EXERCISE PROMPT ->
Output the lines of the records below exactly, beginning at their first line and ending at the line with "7月13日下午,北京市委教育"; include no pictures.
*** PROVIDED DATA
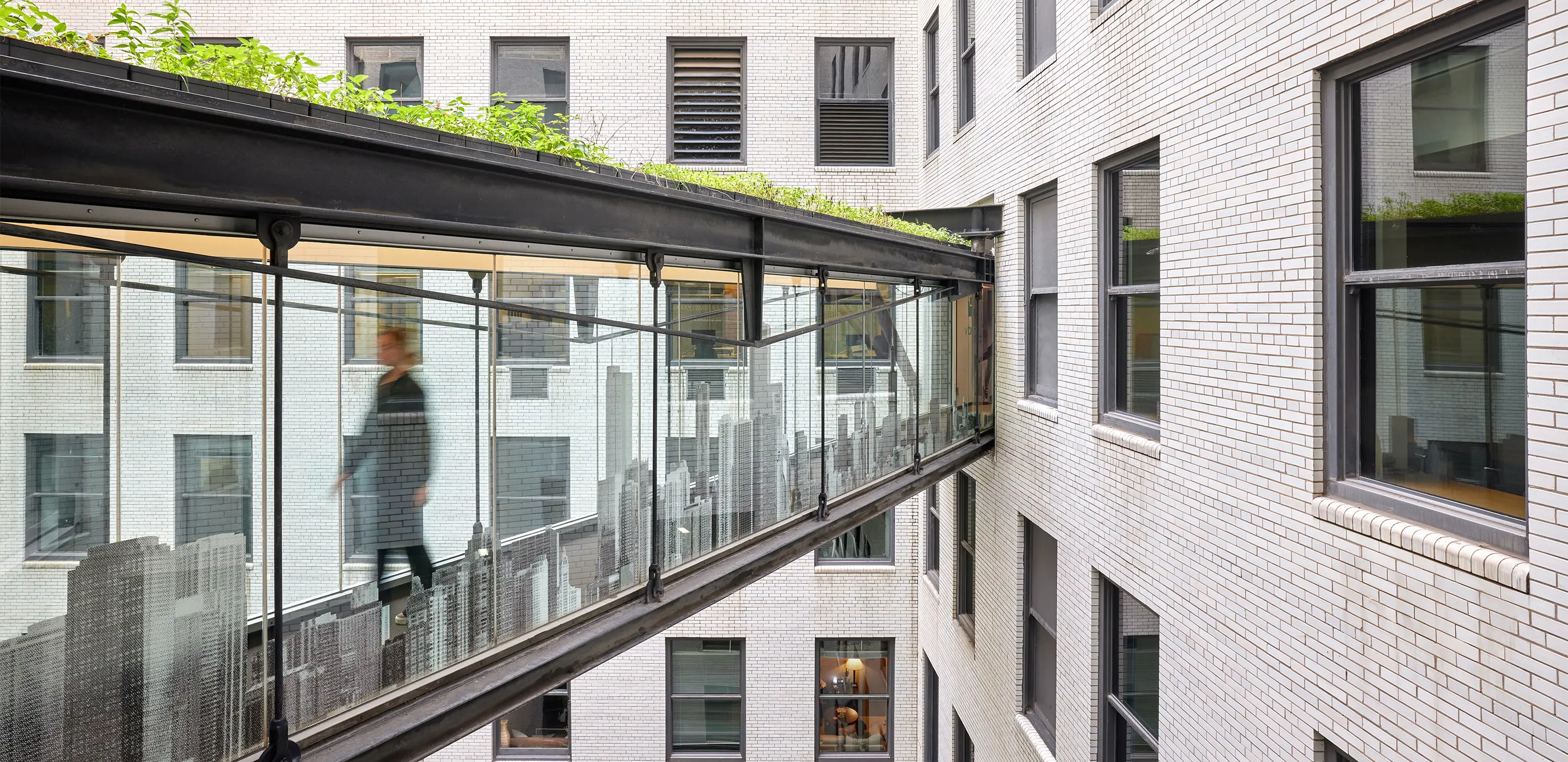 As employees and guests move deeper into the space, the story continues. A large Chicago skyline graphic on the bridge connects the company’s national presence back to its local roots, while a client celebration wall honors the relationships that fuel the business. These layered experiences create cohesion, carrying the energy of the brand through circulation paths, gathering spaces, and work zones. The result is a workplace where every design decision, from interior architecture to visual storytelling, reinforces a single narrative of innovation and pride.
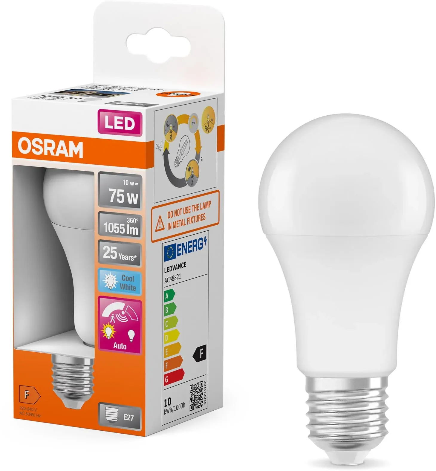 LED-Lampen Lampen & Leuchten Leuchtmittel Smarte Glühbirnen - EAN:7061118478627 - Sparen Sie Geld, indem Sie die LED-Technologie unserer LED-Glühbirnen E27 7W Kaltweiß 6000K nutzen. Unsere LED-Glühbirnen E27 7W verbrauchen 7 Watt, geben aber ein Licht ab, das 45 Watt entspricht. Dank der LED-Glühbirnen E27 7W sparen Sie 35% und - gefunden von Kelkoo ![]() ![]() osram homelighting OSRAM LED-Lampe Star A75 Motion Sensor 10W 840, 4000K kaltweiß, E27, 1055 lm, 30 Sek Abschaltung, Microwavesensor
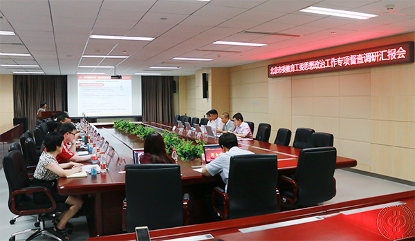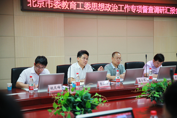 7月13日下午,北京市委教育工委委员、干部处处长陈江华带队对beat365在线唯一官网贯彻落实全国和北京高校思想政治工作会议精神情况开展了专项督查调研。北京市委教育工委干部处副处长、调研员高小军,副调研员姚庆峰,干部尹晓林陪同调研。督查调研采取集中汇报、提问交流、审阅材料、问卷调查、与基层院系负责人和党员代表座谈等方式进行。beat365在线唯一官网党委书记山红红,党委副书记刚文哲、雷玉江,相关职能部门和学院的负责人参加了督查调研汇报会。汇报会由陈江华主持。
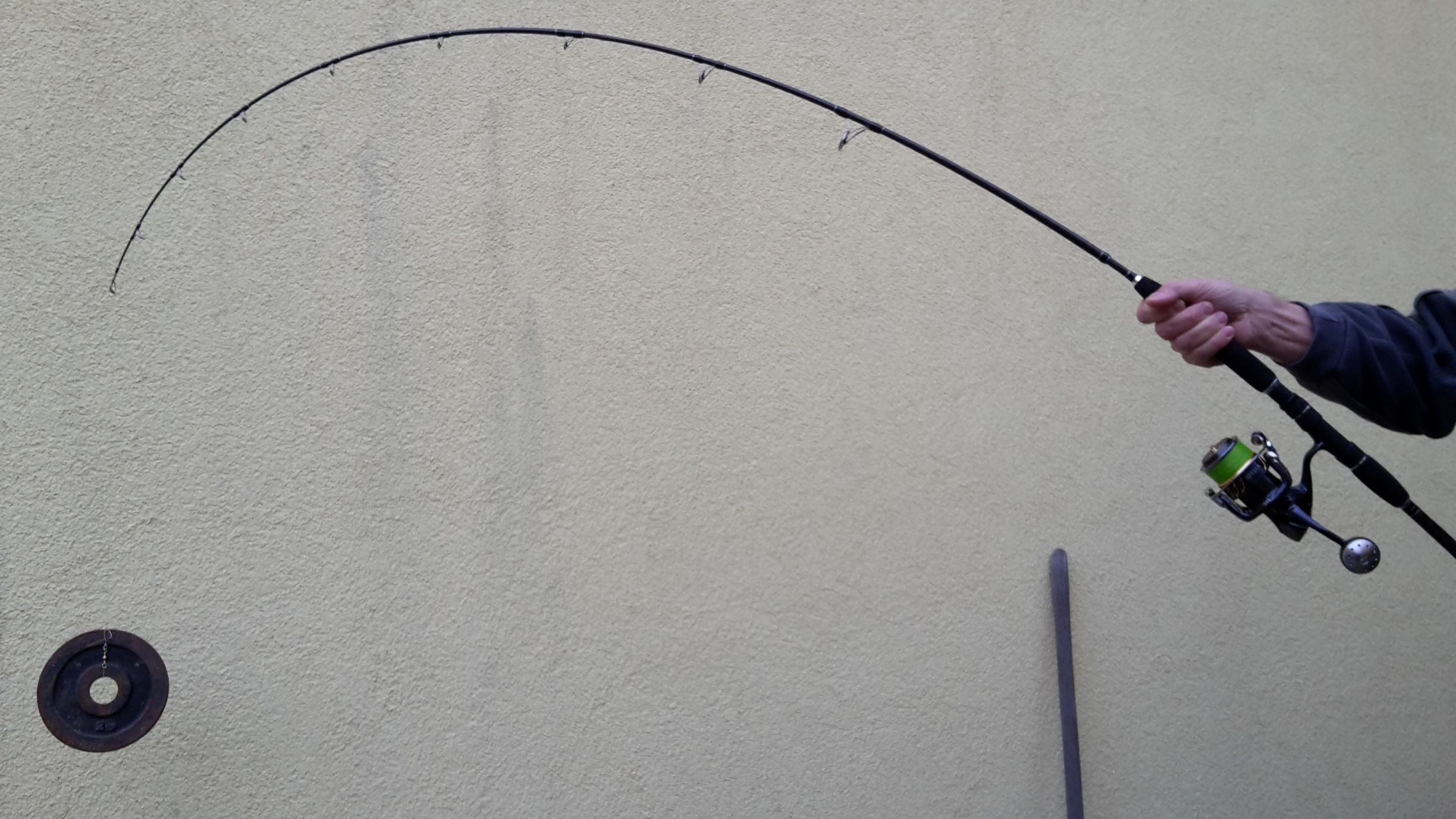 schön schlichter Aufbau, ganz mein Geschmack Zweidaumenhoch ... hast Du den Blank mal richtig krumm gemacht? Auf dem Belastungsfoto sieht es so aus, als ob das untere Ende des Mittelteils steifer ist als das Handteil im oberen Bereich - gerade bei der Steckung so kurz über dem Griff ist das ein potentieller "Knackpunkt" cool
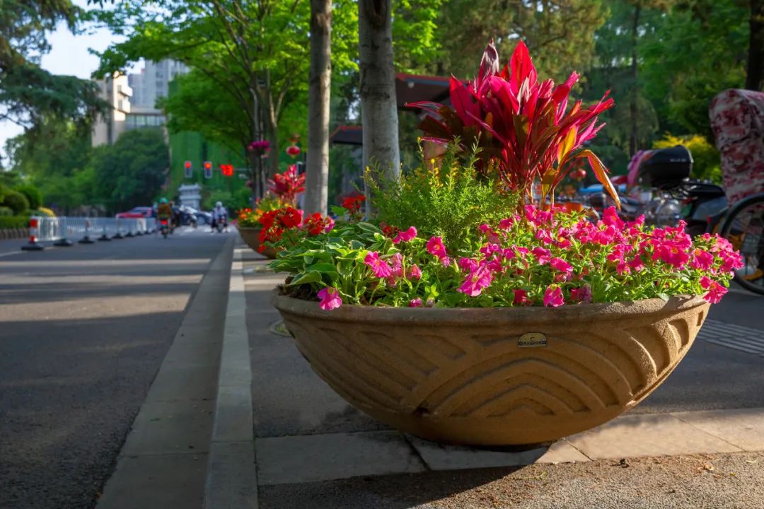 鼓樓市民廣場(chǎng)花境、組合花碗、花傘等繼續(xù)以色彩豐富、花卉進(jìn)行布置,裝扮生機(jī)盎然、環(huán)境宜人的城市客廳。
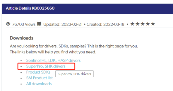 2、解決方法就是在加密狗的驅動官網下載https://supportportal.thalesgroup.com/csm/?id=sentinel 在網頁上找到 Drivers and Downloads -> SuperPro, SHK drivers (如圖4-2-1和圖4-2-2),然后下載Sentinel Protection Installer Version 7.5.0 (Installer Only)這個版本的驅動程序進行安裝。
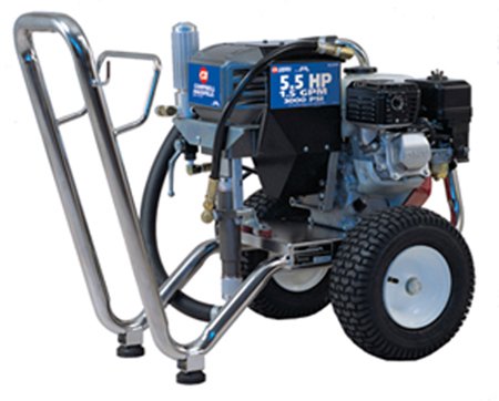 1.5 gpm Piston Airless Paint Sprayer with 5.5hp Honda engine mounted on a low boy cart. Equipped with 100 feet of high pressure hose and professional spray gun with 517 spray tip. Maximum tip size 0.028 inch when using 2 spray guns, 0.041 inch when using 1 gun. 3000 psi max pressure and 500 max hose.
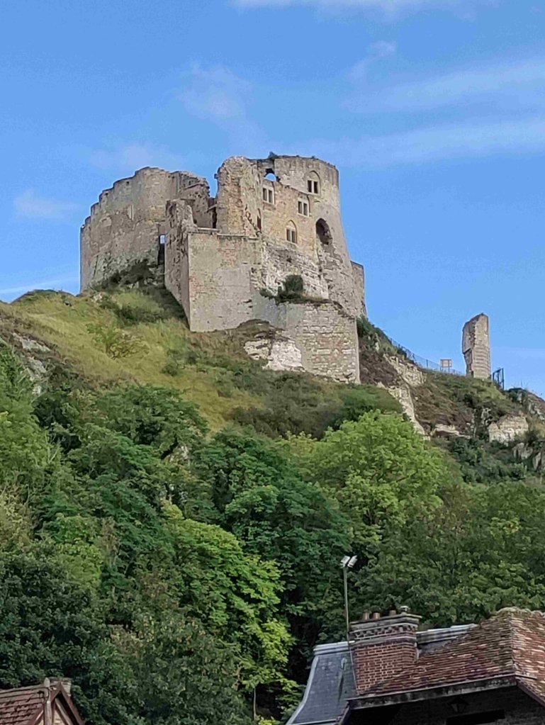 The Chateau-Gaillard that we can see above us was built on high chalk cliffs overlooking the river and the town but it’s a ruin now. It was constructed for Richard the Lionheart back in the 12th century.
******
FINAL ANSWER ->
 As employees and guests move deeper into the space, the story continues. A large Chicago skyline graphic on the bridge connects the company’s national presence back to its local roots, while a client celebration wall honors the relationships that fuel the business. These layered experiences create cohesion, carrying the energy of the brand through circulation paths, gathering spaces, and work zones. The result is a workplace where every design decision, from interior architecture to visual storytelling, reinforces a single narrative of innovation and pride.
 LED-Lampen Lampen & Leuchten Leuchtmittel Smarte Glühbirnen - EAN:7061118478627 - Sparen Sie Geld, indem Sie die LED-Technologie unserer LED-Glühbirnen E27 7W Kaltweiß 6000K nutzen. Unsere LED-Glühbirnen E27 7W verbrauchen 7 Watt, geben aber ein Licht ab, das 45 Watt entspricht. Dank der LED-Glühbirnen E27 7W sparen Sie 35% und - gefunden von Kelkoo ![]() ![]() osram homelighting OSRAM LED-Lampe Star A75 Motion Sensor 10W 840, 4000K kaltweiß, E27, 1055 lm, 30 Sek Abschaltung, Microwavesensor
 7月13日下午,北京市委教育工委委员、干部处处长陈江华带队对beat365在线唯一官网贯彻落实全国和北京高校思想政治工作会议精神情况开展了专项督查调研。北京市委教育工委干部处副处长、调研员高小军,副调研员姚庆峰,干部尹晓林陪同调研。督查调研采取集中汇报、提问交流、审阅材料、问卷调查、与基层院系负责人和党员代表座谈等方式进行。beat365在线唯一官网党委书记山红红,党委副书记刚文哲、雷玉江,相关职能部门和学院的负责人参加了督查调研汇报会。汇报会由陈江华主持。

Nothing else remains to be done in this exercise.